Material supplied —
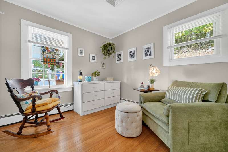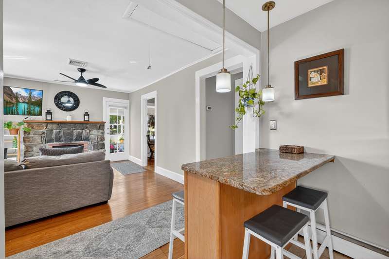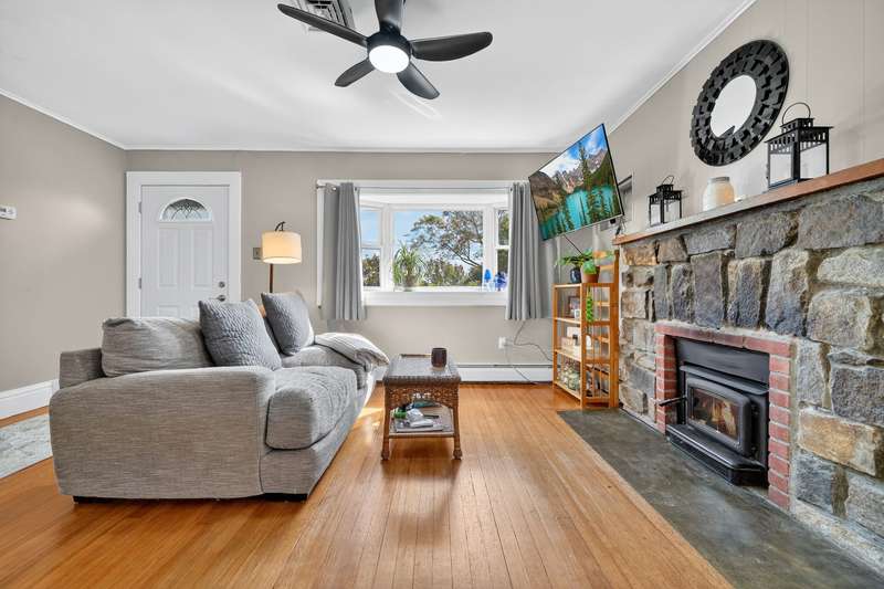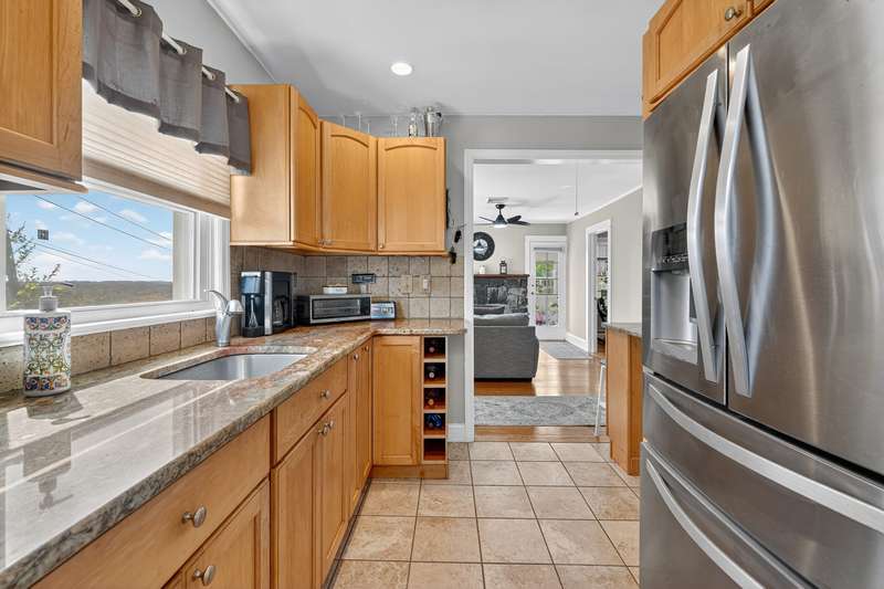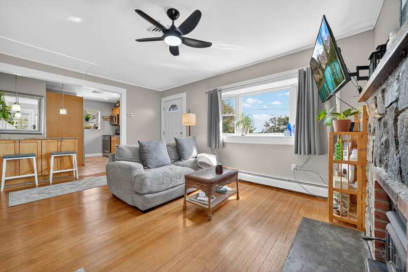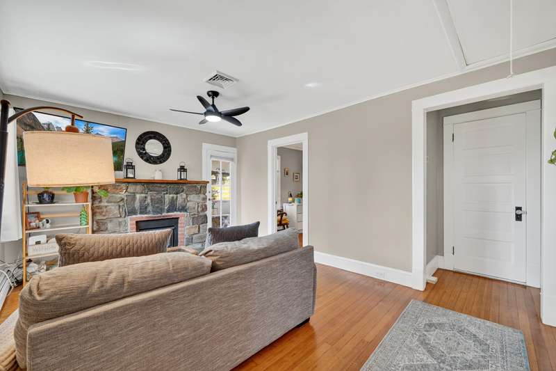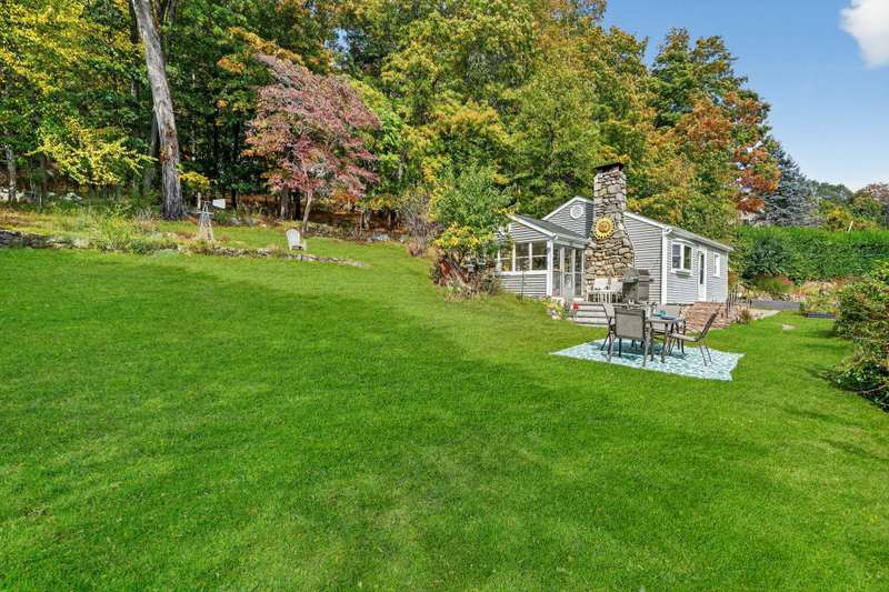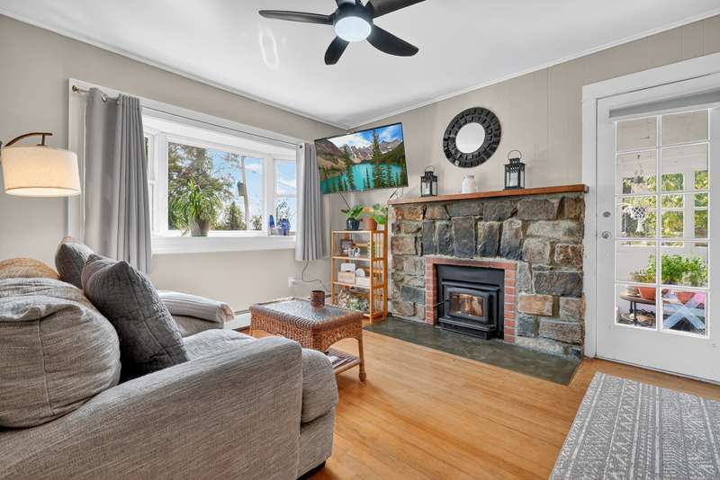 Absolutely charming bungalow that has been totally updated inside and out. Lovely land with fantastic sweeping views. New siding, roof (2024), central air, updated kitchen and bathroom. Interior access to basement with room to hook up washer and dryer. Low taxes, no maintenance, just enjoy the fireplace, sunroom or the solitude of your yard!
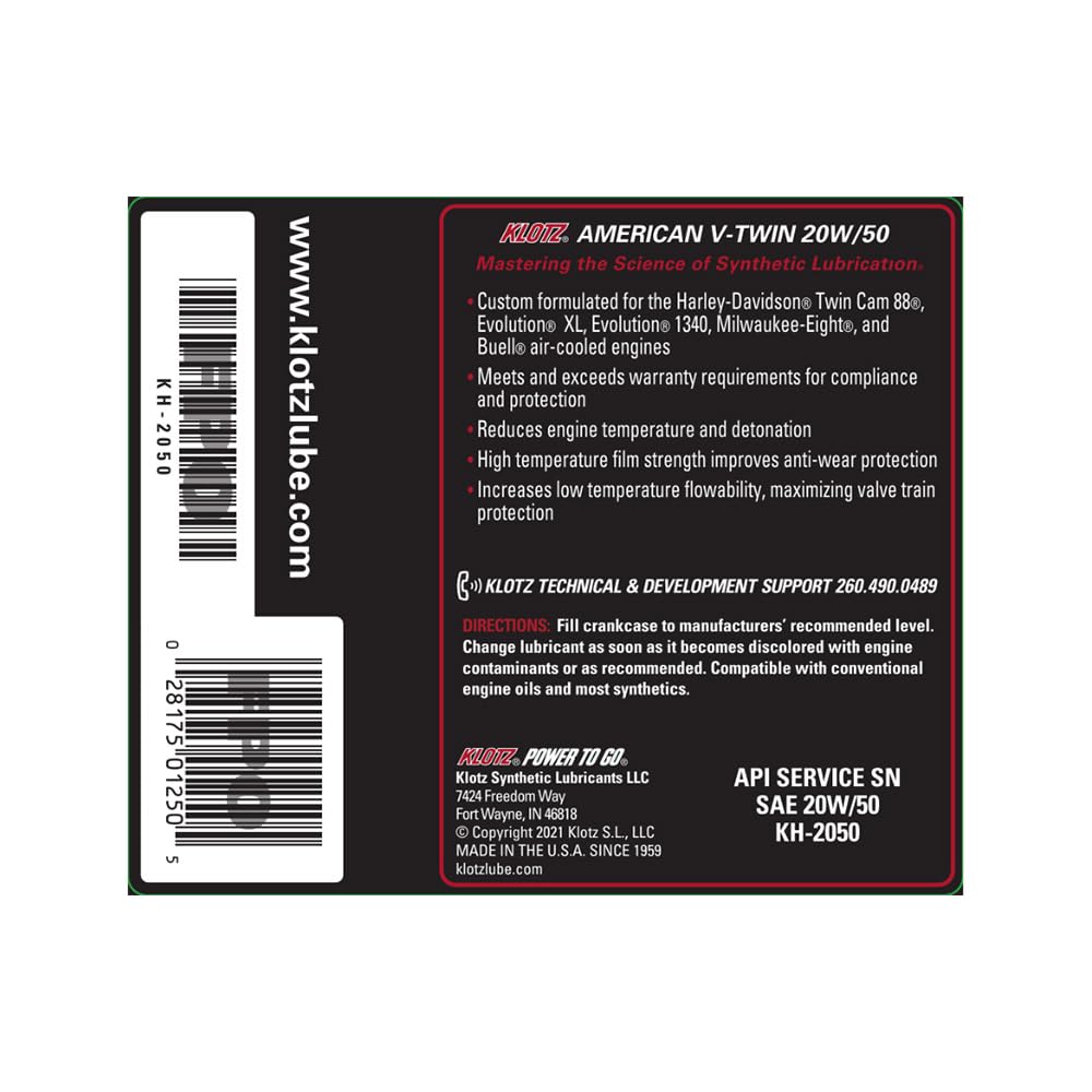Klotz 20W/50 Synthetic Motor Oil Change Kit for Twin Cam 1999-2018 & Milwaukee-Eight 2017-2024 (5-Quart Premium Kit)
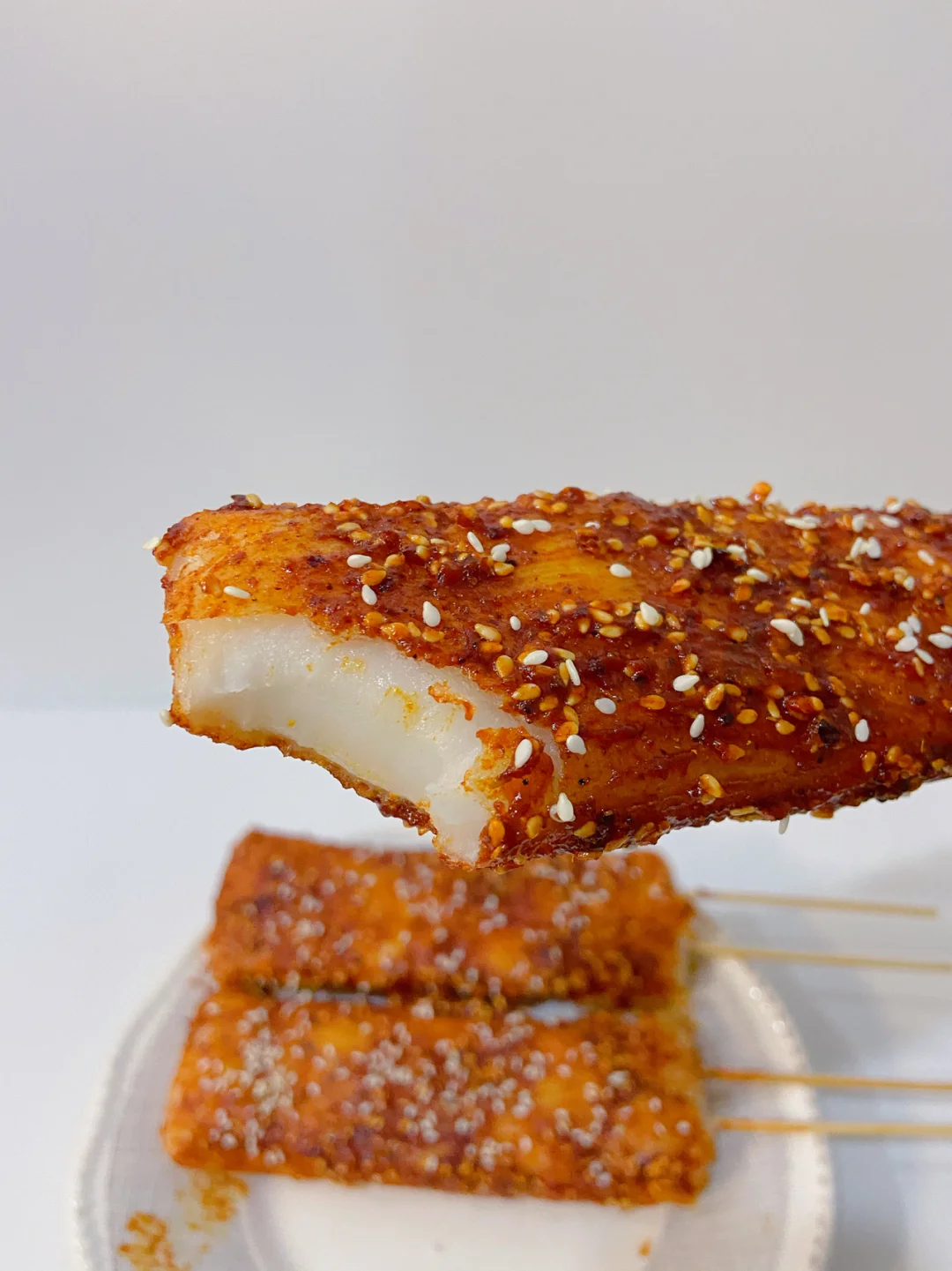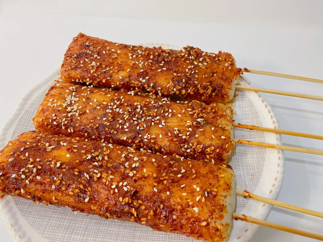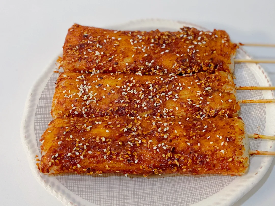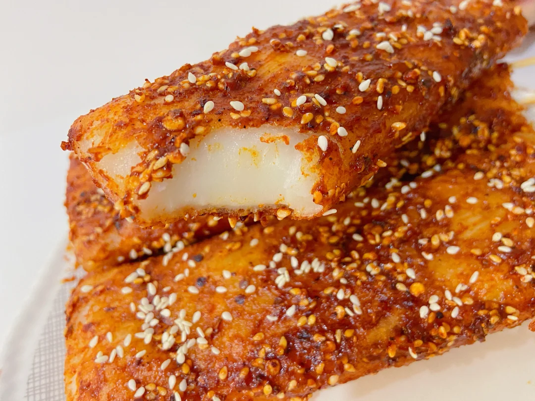 3️⃣小火慢煎年糕 煎至两面焦脆 插上竹签 刷上酱料 撒上白芝麻即可开吃
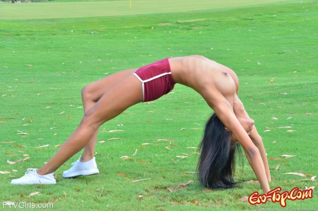Привлекательная спортивная темнокожая девушка решилась немного прогуляться. В какой-то момент ей захотелось оголится и показать сексуальное тело. Первым делом она засветила натуральные сиськи с возбужденными торчащими сосочками, а после приспустила шортики показывая бритую киску.
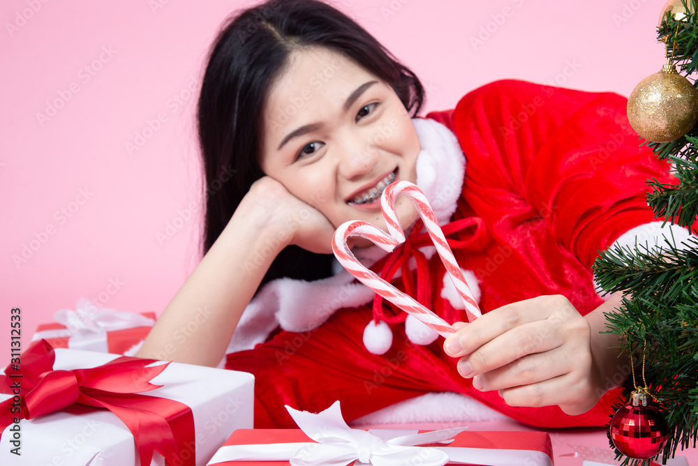 Asian woman wearing Santa Claus costume lying on floor with Christmas tree and gift boxes on pink.

Instructions to follow — Return only the lines from the one that contains "Klotz 20W/50 Synthetic" through the closing line of the data, inclusive, reproduced exactly and with every picture left out.

Task response —
Klotz 20W/50 Synthetic Motor Oil Change Kit for Twin Cam 1999-2018 & Milwaukee-Eight 2017-2024 (5-Quart Premium Kit)
 3️⃣小火慢煎年糕 煎至两面焦脆 插上竹签 刷上酱料 撒上白芝麻即可开吃
Привлекательная спортивная темнокожая девушка решилась немного прогуляться. В какой-то момент ей захотелось оголится и показать сексуальное тело. Первым делом она засветила натуральные сиськи с возбужденными торчащими сосочками, а после приспустила шортики показывая бритую киску.
 Asian woman wearing Santa Claus costume lying on floor with Christmas tree and gift boxes on pink.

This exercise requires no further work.